Member of the U.S. House of Representatives from New York's 23rd district
- In office March 4, 1895 – March 3, 1899
- Preceded by: John M. Wever
- Succeeded by: Louis W. Emerson

Personal details
- Born: April 7, 1864 Port Henry, New York, USA
- Died: December 17, 1910 (aged 46) New York City, New York, USA
- Resting place: Union Cemetery, Port Henry, New York
- Party: Republican

= Wallace T. Foote Jr. =

American politician

Wallace Turner Foote Jr. (April 7, 1864 – December 17, 1910) was a U.S. Representative from New York.
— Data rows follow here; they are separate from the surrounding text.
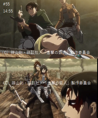 14:48注射器のケースを開くリヴァイにハッとするミカサ。
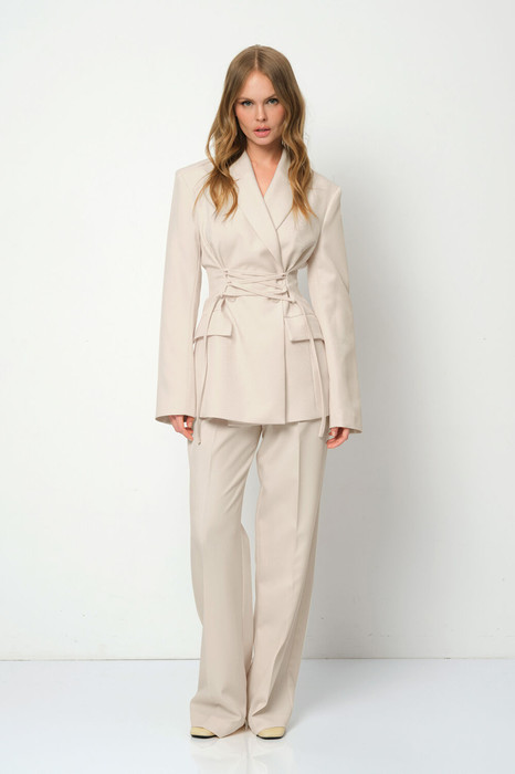 Костюм-двойка из жакета со шнуровкой и широких прямых брюк.
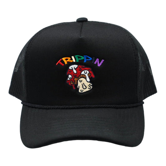 Trippin Mushroom Foam Trucker Hat (Black)
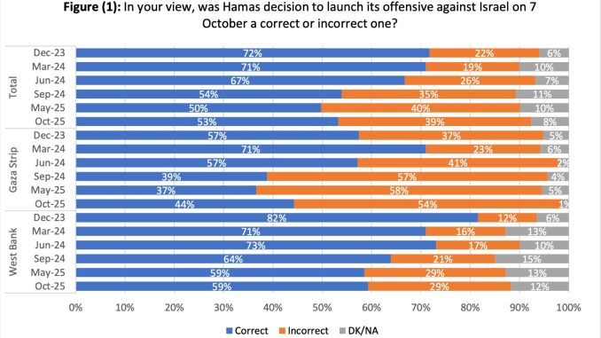 ??Overall, 53% of Palestinians say the decision by Hamas to launch the October 7 attack was correct.
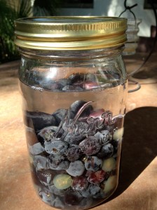 Whenever we see some interesting organic fruit or fresh leaf spice some gets nestled in a tiny mason jar with some alcohol. We’ve tried a pretty big variety of stuff; our favorite so far has been some really flavorful green grapes that we soaked in gin. It sounded like a weird combination and it worked out really well! Oddly, mango and rum did not. Nor did blackberries and whisky.

Born in Port Henry, New York, Foote attended the Port Henry Union School and Williston Seminary, Easthampton, Massachusetts, and was graduated as a civil engineer from Union College, Schenectady, New York, in 1885.
He served as assistant superintendent of the Cedar Point Furnace in Port Henry 1885–1887.
He attended Columbia Law School, New York City.
He was admitted to the bar in 1889 and commenced practice in Port Henry.

Foote was elected as a Republican to the Fifty-fourth and Fifty-fifth Congresses (March 4, 1895 – March 3, 1899).
He was not a candidate for renomination in 1898.
He resumed the practice of law and also engaged in mining.
He died in New York City on December 17, 1910.
He was interred in Union Cemetery, Port Henry, New York.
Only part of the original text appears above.